Tue Mar 11 11:02:26 PDT 2014

On Tue, 11 Mar 2014 13:18:46 -0400, Chris Williams  
<yoreanon-chrisw at yahoo.co.jp> wrote:

> On Tuesday, 11 March 2014 at 14:16:31 UTC, Steven Schveighoffer wrote:
>> But I would never expect any kind of indexing or slicing to use "number  
>> of code points", which clearly requires O(n) decoding to determine it's  
>> position. That would be disastrous.
>
> If the indexes put into the slice aren't by code-point, but people need  
> to use proper helper functions to convert a code-point into an index,  
> then we're basically back to where we are today.

No, where we are today is that in some cases, the language treats a char[]  
as an array of char, in other cases, it treats a char[] as a  
bi-directional dchar range.

What I'm proposing is we have a type that defines "This is what a string  
looks like," and it is consistent across all uses of the string, instead  
of the schizophrenic view we have now. I would also point out that quite a  
bit of deception and nonsense is needed to maintain that view, including  
things like assert(!hasLength!(char[]) && __traits(compiles, { char[] x;  
int y = x.length;})). The documentation for hasLength says "Tests if a  
given range has the length attribute," which is clearly a lie.

However, I want to define right here, that index is not a number of code  
points. One does not frequently get code point counts, one gets indexes.  
It has always been that way, and I'm not planning to change that.

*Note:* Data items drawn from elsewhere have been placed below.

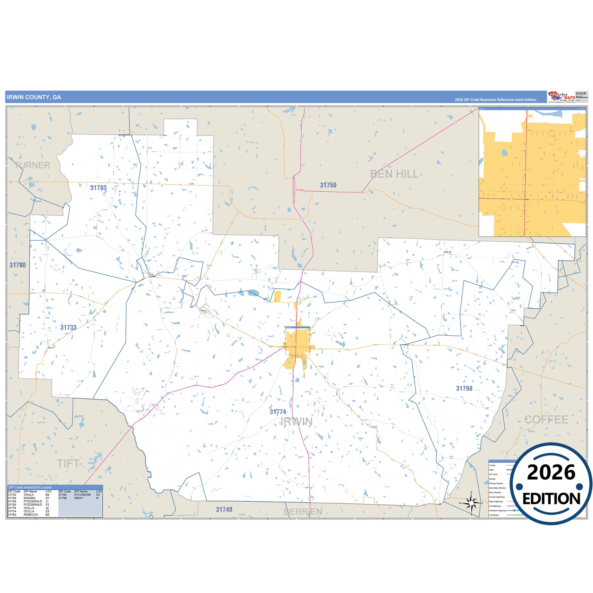 The Business Reference Style Irwin County, GA is a detailed map that includes all towns, cities, major roadways, and highways. Available in multiple wall map sizes, perfect for home, school, office, or business display.
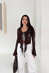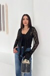 Siyah Dantel Bağlama Detaylı Transparan Bluz – Uzun Kollu Şık Kadın Bluz
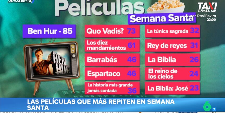 En Aruser@s repasan los clásicos que nunca fallan en televisión cuando llega la Semana Santa. Una lista de títulos que, año tras año, regresan a la parrilla y que muchos ya se saben de memoria.
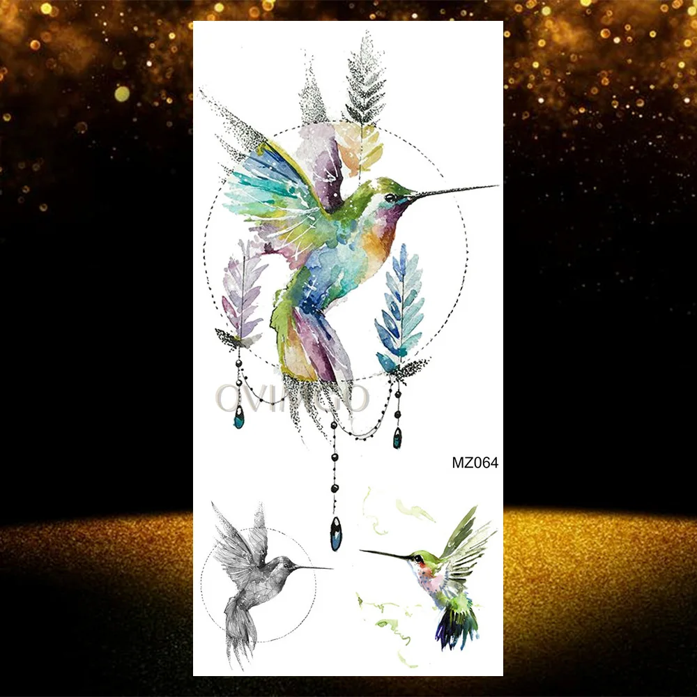 Наклейка-Татуировка Временная водостойкая для женщин, искусственная Колибри, Геометрическая сова, татуировка розовый цветок пиона, боди-арт
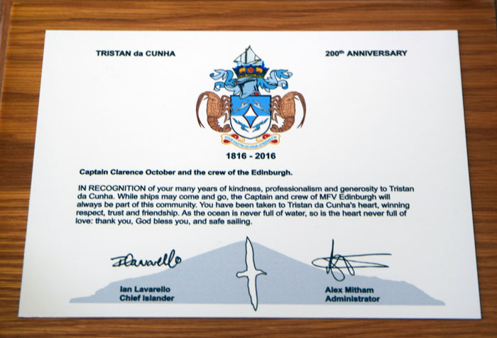 On the 15th September 2016, The Chief Islander Ian Lavarello, Conrad Glass and I went across to the MV Edinburgh to present a plaque to Captain Clarence and the crew of the Edinburgh. To mark the 200th Anniversary, the community felt it was only fitting to show their appreciation for all the years of tireless support the crew has given to Tristan da Cunha. From their ongoing assistance to the community, medevac transfers, their skilled rescue of the Oliva crew, their support on marine conservation matters, to their obvious (and renowned) fishing expertise, Captain Clarence and the crew have shown unbelievable kindness and generosity to Tristan over so many years. They are firmly a part of the remotest inhabited community in the world. On a personal note it has not only been an honour to sail with the Edinburgh, but a privilege to witness the professionalism, dedication and commitment of the crew. As the plaque states - As the ocean is never full of water, so is the heart never full of love; thank you, god bless and safe sailing. |
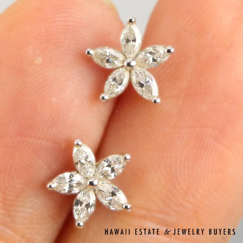 Elevate your style with these stunning 14k white gold earrings featuring marquise-shaped diamonds arranged in a star flower pattern. The diamonds have a total carat weight of .65ctw, perfect for everyday wear or special occasions, and will make a wonderful gift or addition to any jewelry collection.
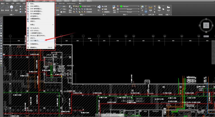 2、打开CAD找到插入--“OLE对象···”,如图所示。
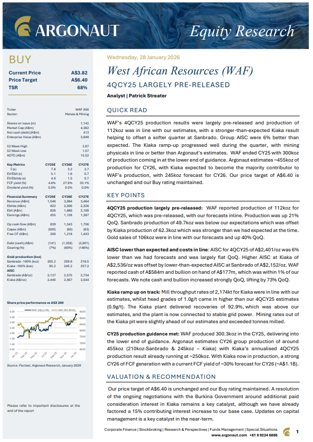 Latest research on gold producer @WAFresources $WAF from Argonaut below post yesterday's December quarter results, Buy and $6.40/share target maintained (~66% upside on current share price) 👇
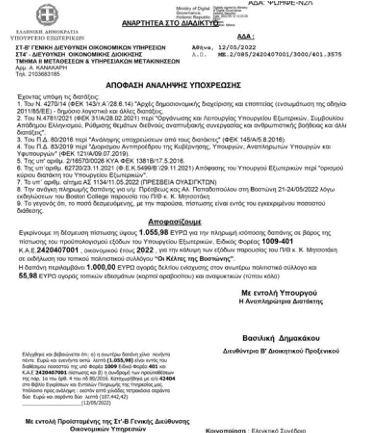 Μάλιστα, στο παραποιημένο έγγραφο αναγραφόταν ότι τα 1.055,98 ευρώ της πίστωσης από το υπ. Εξωτερικών προορίζονταν για την αγορά δελτίου ενίσχυσης του συγκεκριμένου συλλόγου, αλλά και την αγορά τοπικών εδεσμάτων.
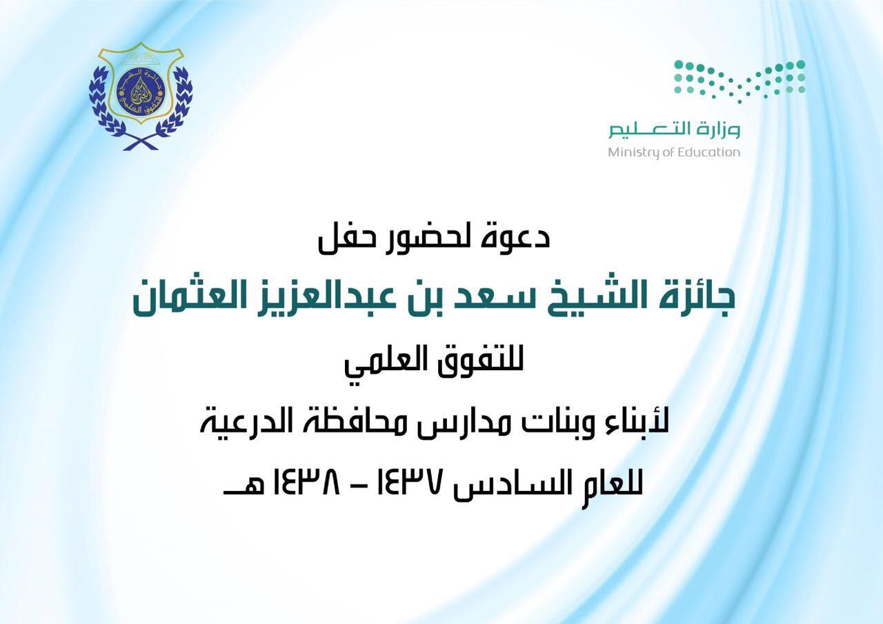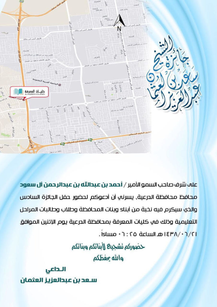 اكملت اللجان العاملة لجائزة العثمان للتفوق العلمي لمنسوبي محافظة الدرعية استعداداتها النهائية للحفل الختامي والذي سيقام مساء يوم الاثنين الموافق 21/6/1438 بكليات المعرفة برعاية كريمة من صاحب السمو الأمير أحمد بن عبدالله بن عبدالرحمن آل سعود محافظ محافظة الدرعية , وذلك في عامها السادس على التوالى حيث يترقب الطلاب والمعلمين نيل هذه الجائزة بعد عام دراسي أمضوه في الجد والمثابرة .

That you  
can't use the index to determine the number of code points that came  
before it, is not a frequent issue that arises.

e.g., I want to find the first instance of "xyz" in a string, do I care  
how many code points it has to go through, or what point I have to slice  
the string to get that?

A previous poster brings up this incorrect code:

auto index = countUntil(str, "xyz");
auto newstr = str[index..$];

But it can easily be done this way also:

auto index = indexOf(str, "xyz");
auto codepts = walkLength(str[0..index]);
auto newstr = str[index..$];

Given how D works, I think it would be very costly and near impossible to  
somehow make the incorrect slice operation statically rejected. One simply  
has to be trained what a code point is, and what a code unit is. HOWEVER,  
for the most part, nobody needs to care. Strings work fine without having  
to randomly access specific code points or slice based on them. Using  
indexes works just fine.

-Steve